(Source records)
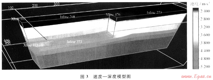 采用均方根速度轉換方法估算層速度與相干反演相結合的方法進行層速度模型的建立。通過疊前時間偏移迭代后,均方根速度模型比較準確,在一定程度上符合地質(zhì)變化規(guī)律。對于水平層狀或單傾的介質(zhì),均方根速度模型轉換的方法能得到較好的初始模型,并通過層析成像模型優(yōu)化能得到精確的速度模型。對于地層傾角變化較大、速度不均一的復雜斷塊,簡單的速度轉換方法不能合理地描述速度結構。采用相干反演法與均方根速度轉換法聯(lián)合建立層速度模型,相互驗證速度的合理性精度更高。通過分析沿層剩余速度,利用三維層析成像技術修改層速度模型優(yōu)化地質(zhì)模型,建立最優(yōu)速度-深度模型剛(圖3)。
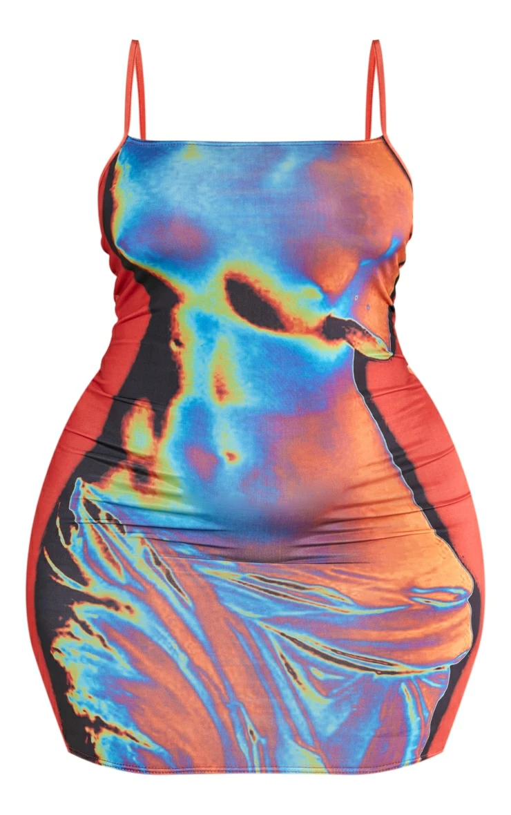 Stand out from the crowd in this plus multi heat body print strappy bodycon dress. Brought to you in a multi hue material with a statement body print design, thin straps and a figure-worshipping bodycon fit, what more could you ask for? Style this plus dress with tie up heels and gold accessories for a look that is sure to turn heads no matter what you weekend plans.
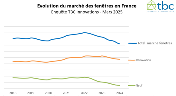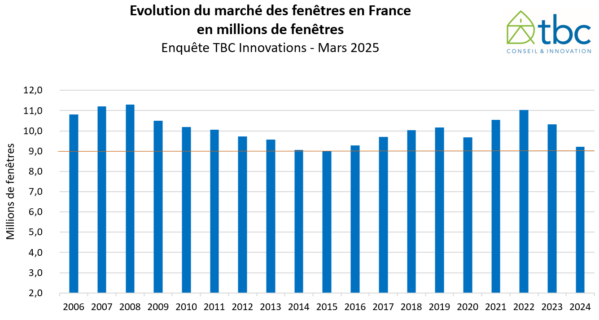 TBC Innovations estime le recul du marché des fenêtres en valeur à près de -9%, en 2024 par rapport à 2023. Le nombre de fenêtres installées en 2024 passe a un peu plus de 9 millions de fenêtres, sous la barre des 10 millions d’unités annuelles.
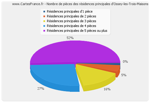 Nombre de pièces des résidences principales d'Ossey-les-Trois-Maisons en 2007 :
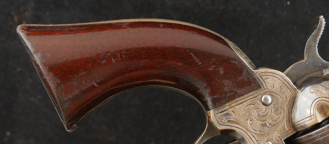 GR-0925-6653, Moore Belt Model Revolver. Smith & Wesson Barrel Address. 7 shot. Desirable and hard to find 6 inch barrel. Crisp tight mechanics. Bright, shiny bore, crisply rifled with a few patches of light residue. Very good bore. 75% Original blue on the barrel. 80% original silver on the frame. Excellent grips with 90% original varnish. Handsome gun.
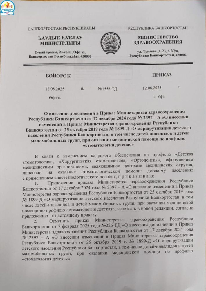 На основании многочисленных обращений граждан и ответственных стоматологов в районах и городах РБ, проработаны и внесены изменения в приказ Минздрава РБ от 25 октября 2019 года № 1899-Д «О маршрутизации детского населения Башкирии по детской стоматологии и ортодонтии».
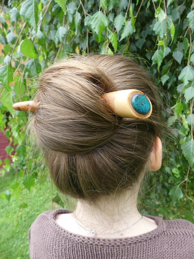Um lange Haare besonders bruchschonend hochzustecken, sind traditionelle Haarstäbe und Forken bis heute die beste Wahl. Aus hübschen Hölzern, kombiniert mit Edelsteinen ergibt sich das für meinen Geschmack perfekte Utensil um die wilde Mähne zeitweise zu bändigen. Zu beachten ist lediglich die Länge und Dicke des Stabes, die grob auf die persönliche Haarlänge- und dicke abgestimmt sein sollte.
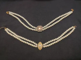 Precio por unidad Elegante collar de fallera con dos hileras de perlas y un detalle central. - Perlas de color blanco nacarado. - Adorno central con detalles dorados y una piedra central. - Diseño clásico y refinado.
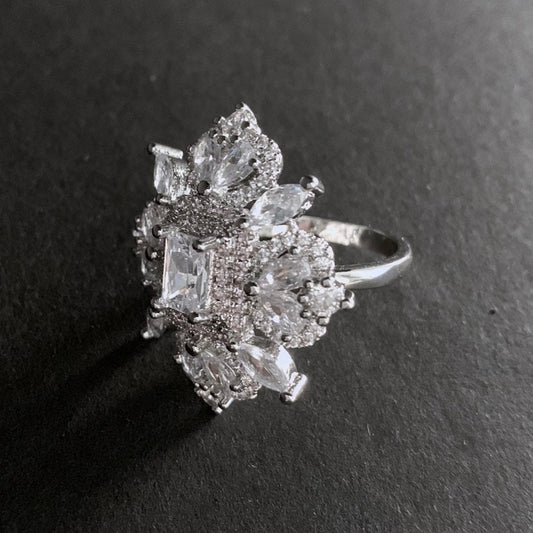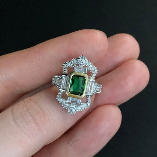Luxurious Emerald Green & Silver Cocktail Ring
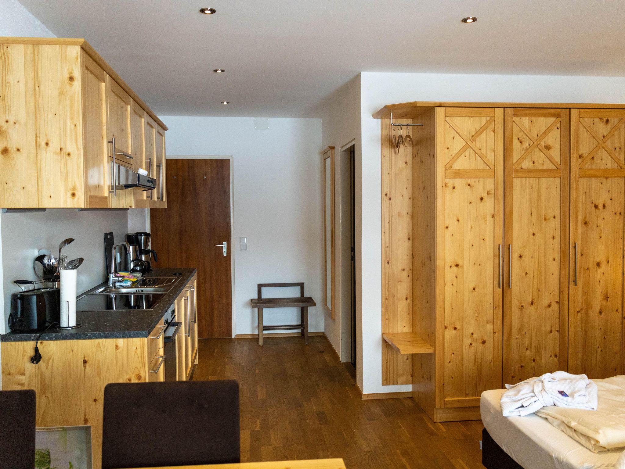 2-Zimmer-Ferienwohnung Alpenrose mit 49m², Südbalkon, herrlicher Ausblick, großer Wohn-Schlafraum mit Sitzecke, Küchenzeile und extra Schlafzimmer mit getrennten Betten.
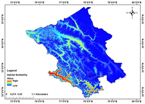 Habitat suitability map with higher suitability (red) and lowest suitability (dark blue) shows maximum suitability in Lahaul-Spiti region.
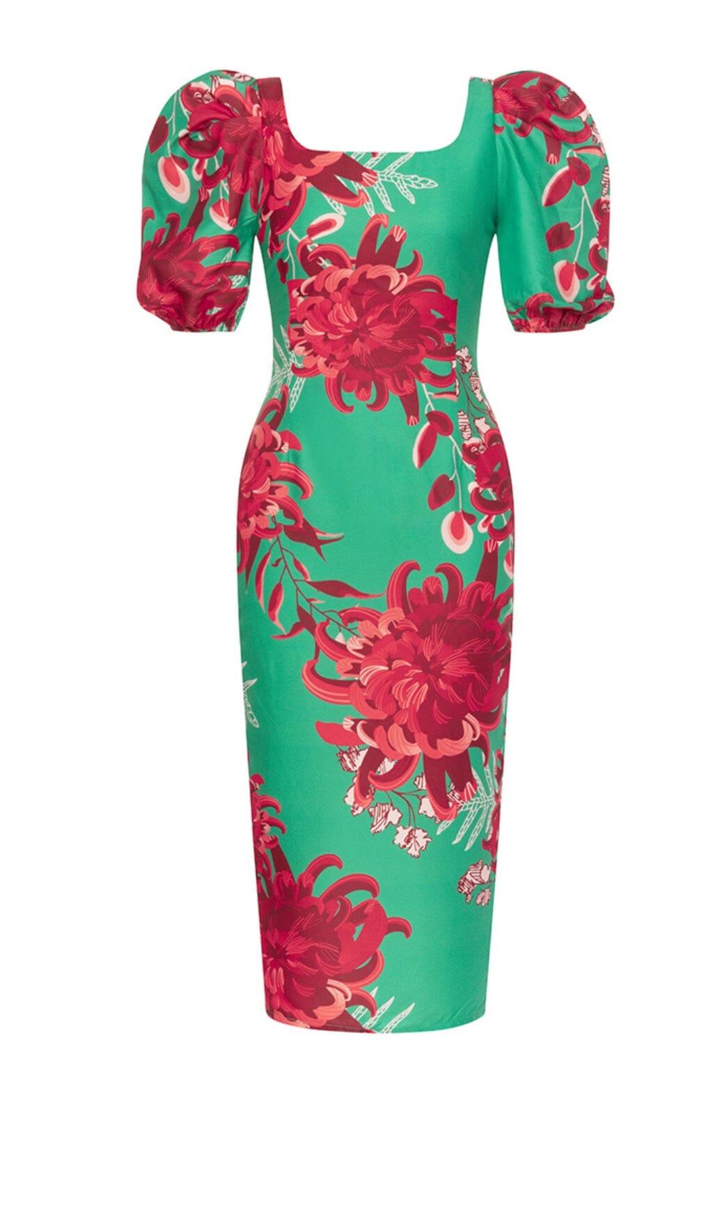 Elevate your style and make a statement with our Floral Print Puff Sleeved Open Back Midi Dress in Green. Order now and embrace your unique sense of fashion.
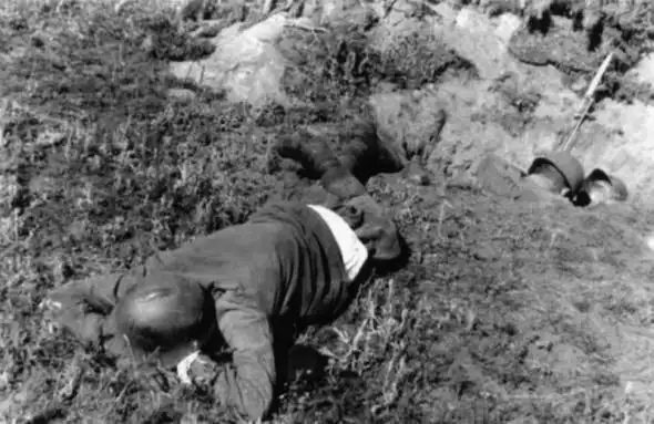 Погибшие советские солдаты у захваченных окопов. Вероятно, это самое начало войны, лето 1941 года: на бойце на переднем плане каска СШ-36 довоенного образца, позднее такие каски в Красной Армии встречались крайне редко и в основном на Дальнем Востоке. Также видно, что с него снят ремень — видимо, дело рук немецких солдат, захвативших эти позиции.
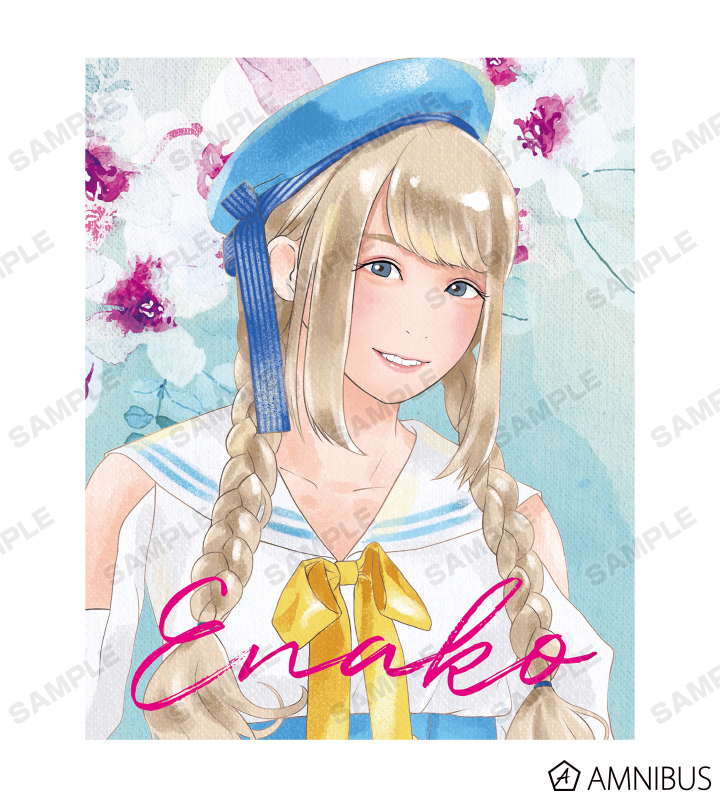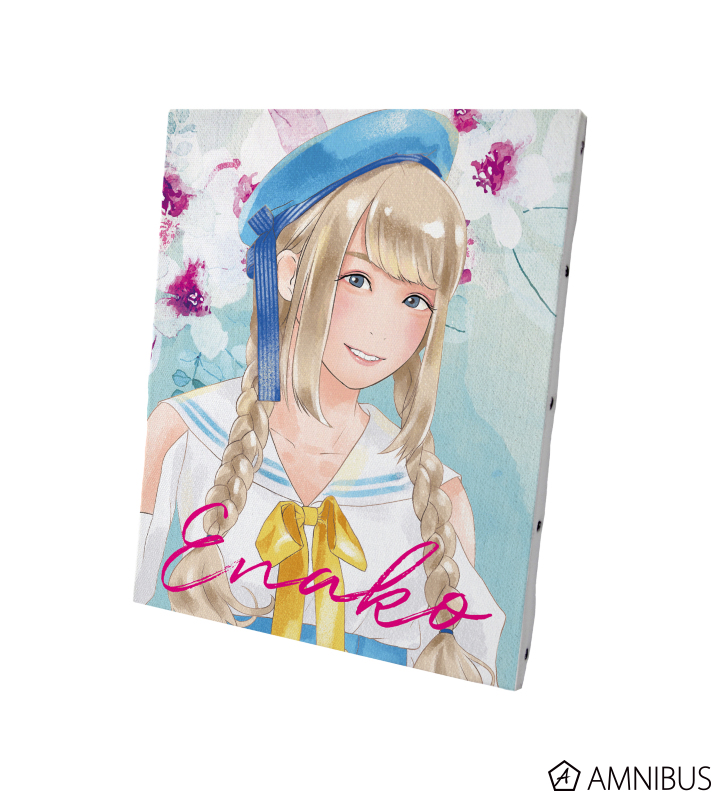 オリジナル衣装のえなこさんをイラスト化し、新たなタッチで魅力的に表現したキャンバスボードに仕上げました。
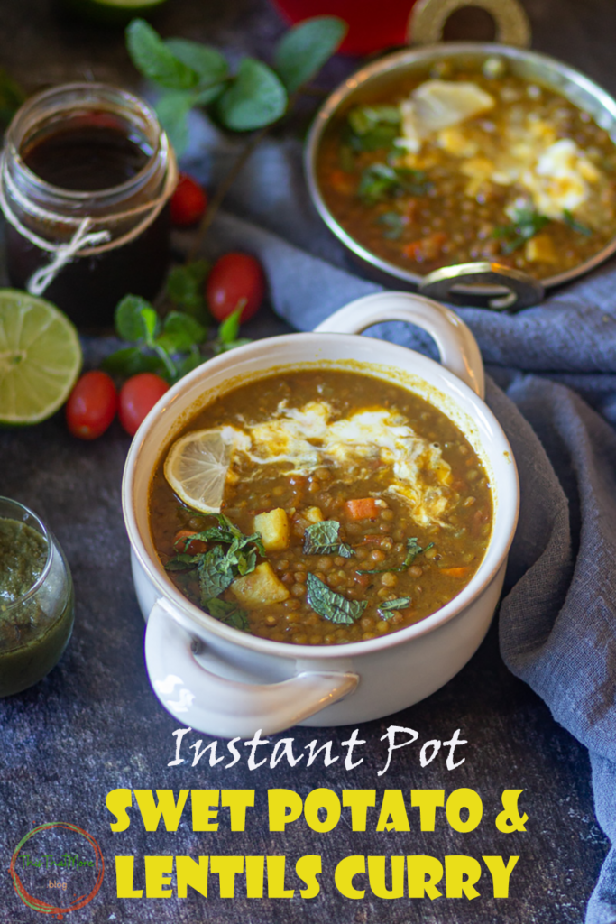You can add sweet potatoes directly in lentils, or can cook in pot-in-pot and later on added to the curry. I prefer cooking the sweet potato in pot-in-pot and later added to the lentils, otherwise, it gets a little mashed in the curry.

## ASSIGNMENT
In the data above, find the line with "Luxurious Emerald Green" and the line with "Elevate your style". Please copy exactly those two lines and every line between them, but not the pictures.

## RESPONSE FOR THIS EXERCISE
Luxurious Emerald Green & Silver Cocktail Ring
 2-Zimmer-Ferienwohnung Alpenrose mit 49m², Südbalkon, herrlicher Ausblick, großer Wohn-Schlafraum mit Sitzecke, Küchenzeile und extra Schlafzimmer mit getrennten Betten.
 Habitat suitability map with higher suitability (red) and lowest suitability (dark blue) shows maximum suitability in Lahaul-Spiti region.
 Elevate your style and make a statement with our Floral Print Puff Sleeved Open Back Midi Dress in Green. Order now and embrace your unique sense of fashion.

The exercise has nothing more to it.